Задымились землянки-бани, закурились походные кухни.

Повеселели казаки.

   — Кажись, хлопцы, над нами командир нашёлся.

   — Настоящий генерал, за дивизию болеет...

А генерал явился в Мозырскую земскую управу и обратился к земцам с просьбой оказать помощь в размещении дивизии и в кормах для лошадей.

И в этом Пётр Николаевич получил у земцев поддержку.

Вскоре из Киева возвратились интенданты. Они привезли всё, что заказывали. Кубанцы обрели прежний вид.

Генерал Краснов собрал совещание полковых командиров и потребовал проведений занятий, чтобы вернуть дивизии её боевые качества.

Казаки от занятий не уставали. Особенно довольны были 2-й Успенский, 2-й Полтавский и 2-й Запорожский полки.
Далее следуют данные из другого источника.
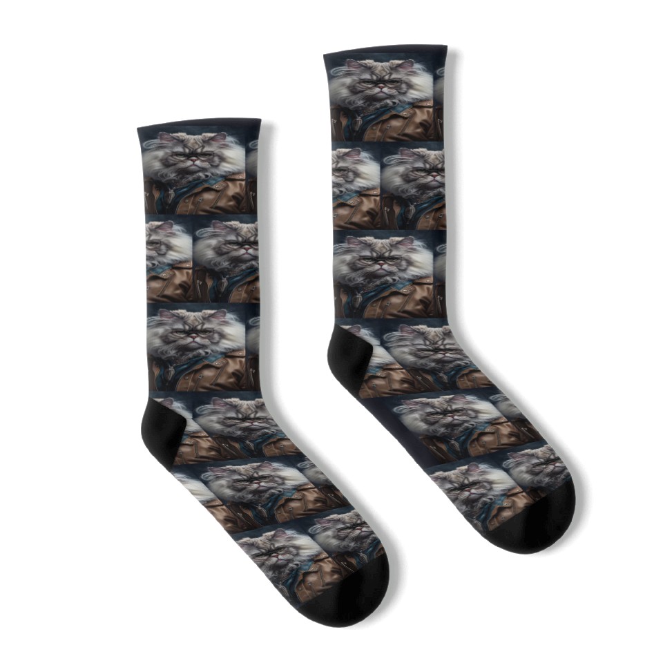 Buy eye-catching Persian Cat Breed Portrait wears a leather jacket Socks or see more Socks products at Printblur shop now to explore many surprises from our shop!

Однако стоило Краснову заговорить об отправке на фронт, как в полках поднимался ропот. Казаки воевать не хотели. Одно в мыслях: скорей бы на Кубань, в станицы...

В августе генерала Краснова вызвали в Домбровичи в штаб армии. Дорога изрыта снарядами, ехать долго и утомительно.

Пётр Николаевич дремал на заднем сиденье, откроет иногда глаза, посмотрит по сторонам. Он не задумывался, зачем его вызвали в штаб. Раз вызвали, значит зачем-то понадобился.

Краснов знал: Особой армией командует уже не генерал Балуев, её временно принял генерал Эрдели. С ним-то и предстояла встреча.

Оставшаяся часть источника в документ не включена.